As a non-conservative United Methodist pastor-blogger pointed out at that time, “Henry Crowe’s dissenting opinion does not give us any theological resources for helping us to make any faithful distinctions” and would mean that “a member of the KKK should be allowed membership in the UMC.” The Henry-Crowe standard would also seem to support, and perhaps require, granting membership-on-demand to that avowed atheist seeking church membership solely for the sake of his agendas as a self-described “political organizer.” It seems like the new public face of United Methodism on Capitol Hill should take some time to study the church’s actual “historic understanding,” from New Testament teaching about the demands of membership in the Christian community (and holding members accountable for sexual immorality, as in 1 Corinthians 5) to the first-century Didache’s clear moral demands of church members (including not committing abortion or sexual immorality, FWIW) to our own denomination’s history of having such high membership expectations that church attendance was typically several times larger than formal membership.

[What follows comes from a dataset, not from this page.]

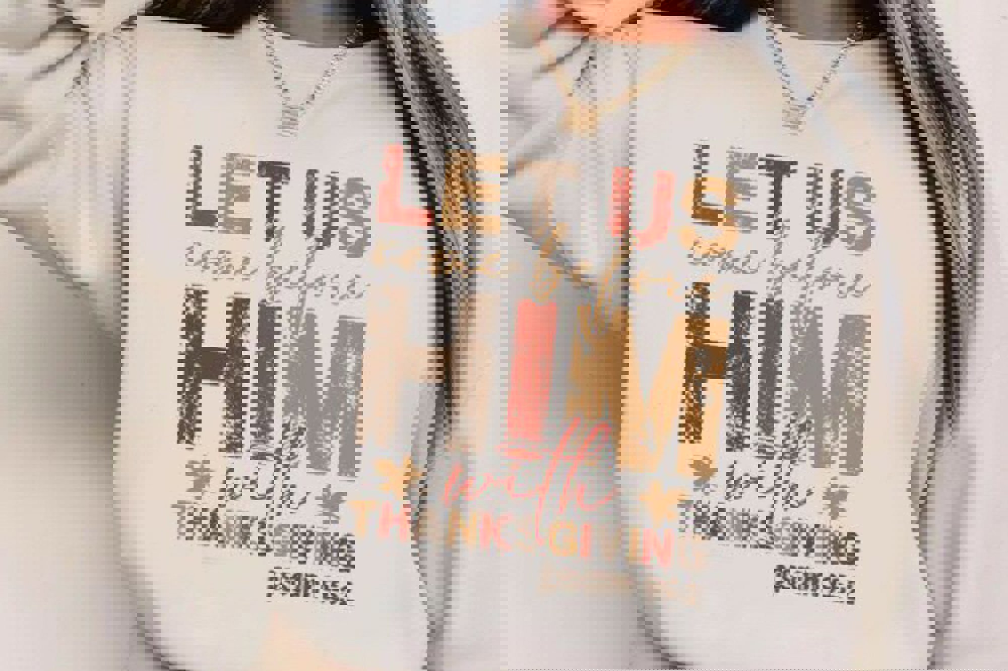 Let Us Come Before Him with Thanksgiving - Christian Fall Crew Neck Sweatshirt, Faith Scripture Top, Psalm 95:2 Bible Verse Shirt, Grateful Autumn Outfit

At IRD, we do believe in the Holy Spirit’s power to bring people to repentance and transformation.

But we cannot forget how the last time the GBCS chose a new chief executive, we also saw lip-service from him about building bridges with evangelical United Methodists, finding constructive ways to cooperate with IRD/UMAction, and at least having the basic integrity to follow the Book of Discipline. The record noted above speaks for itself.

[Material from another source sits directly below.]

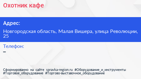 Охотник, кафе по адресу Новгородская область, Малая Вишера, улица Революции, 25 в дальнейшем Организация, размещена в следующих категориях:
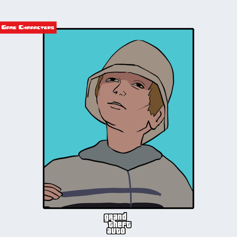 『グランド・セフト・オート』シリーズに登場するマッカーは、金髪の短髪と薄い眉を持つ若い男性キャラクターである。画像ではベージュ系のフード付き衣装を着用し、フードを頭にかぶっている。衣装構造は防寒や隠蔽性を意識した形状で、全体として「軽装防護型」に分類される。トゥルースのカジュアル装飾型と比較すると、より単色で機能重視の造形を備えている。

Nevertheless, if the Rev. Henry Crowe is willing to offer more than just lip service, but sincere, sustained commitment to leading the GBCS into beginning, for a welcome change, to value things like non-partisanship, biblical groundedness (in contrast to politically-driven proof-texting), nuance, thoughtfulness, humility, serving and representing the whole church (rather than just a narrow liberal-caucus faction), offering Golden-Rule respectful treatment to those who may disagree with the staff’s views, and operating with integrity according to its own rules, then we at IRD/UMAction would be excited to support her leadership in such efforts.

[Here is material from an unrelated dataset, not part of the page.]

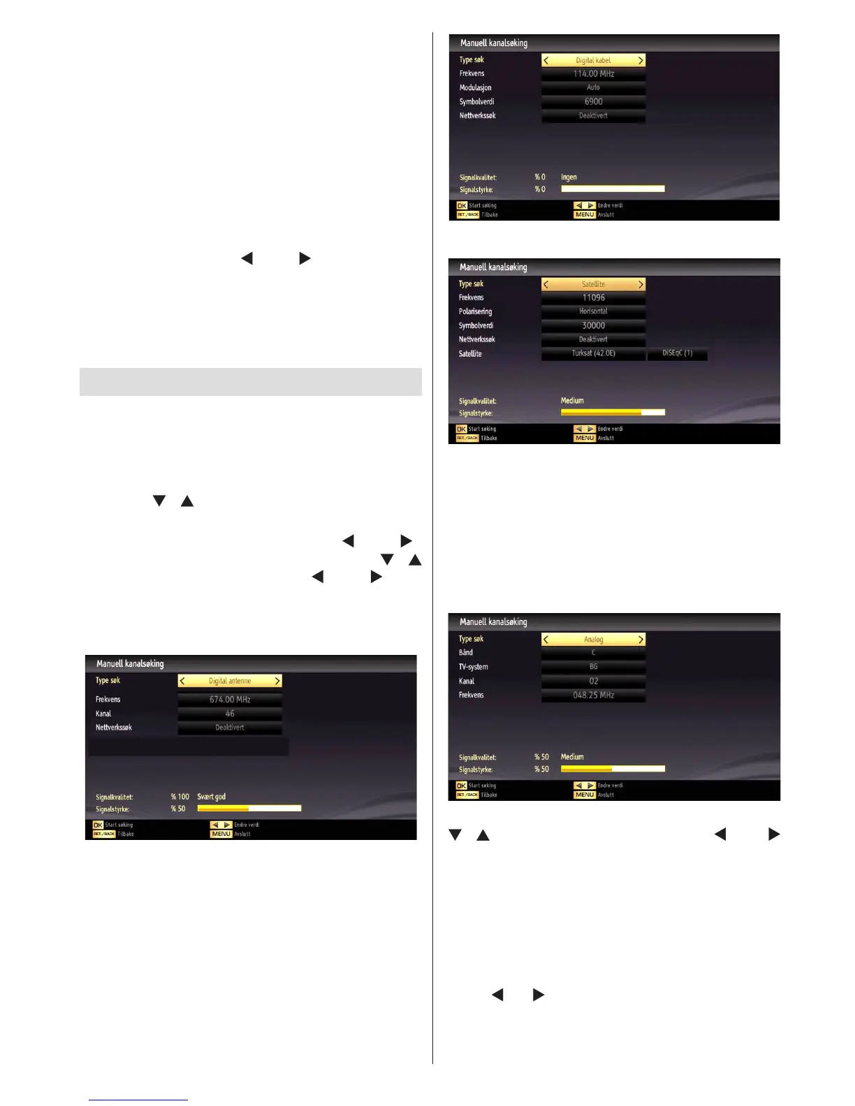 å bruke “ ”/“ ” og OK. Manuellt søk valgskjerm

What remains to be seen is if the Rev. Henry-Crowe will have any interest in such things.

  1. Comment by Stephen Kilpatrick on August 18, 2013 at 5:29 pm

    I’m very sorry to see any of my local UMC church’s money going to this liberal and disobedient ruling class of the denomination.

  2. Comment by gary on August 19, 2013 at 12:41 pm

    And I thought we couldn’t get any worse than Jim Winkler – think again.

  3. Comment by cleareyedtruthmeister on August 19, 2013 at 3:27 pm

    Ms. Henry-Crowe will likely be more of the same. Ms. Crowe has been touted “Dr. Henry-Crowe” by the GBCS—but her doctorate was honorary and awarded by an institution that does not grant doctorate degrees.

    In the recent past she invited J. J. Altizer to speak at the Emory U campus. Altizer is known for leading a “death of God” movement back in the 1960’s.

    The real question is why people like Winkler and Crowe feel the need to hijack Christianity for their own political purposes. I think the answer, in part, has to do with funding.

  4. Comment by Pudentiana on August 27, 2013 at 3:11 pm

    Money is the word here. Money and power. People who have no integrity and are ideologues blinded by their own selfish ambition and pride find churches to be such complete patsies for words like “justice” and “prophetic”. I regret to say that Mr. Winkler has not retired, he is only going out into Conferences to ply his craft of slight of hand with scripture and will be coming to a “workshop” or “seminar” on social justice near you in the near future. He will soon be at the E. Penna. Conference.

  5. Comment by Confused on September 3, 2013 at 5:50 pm

    What happened to separation of church and state?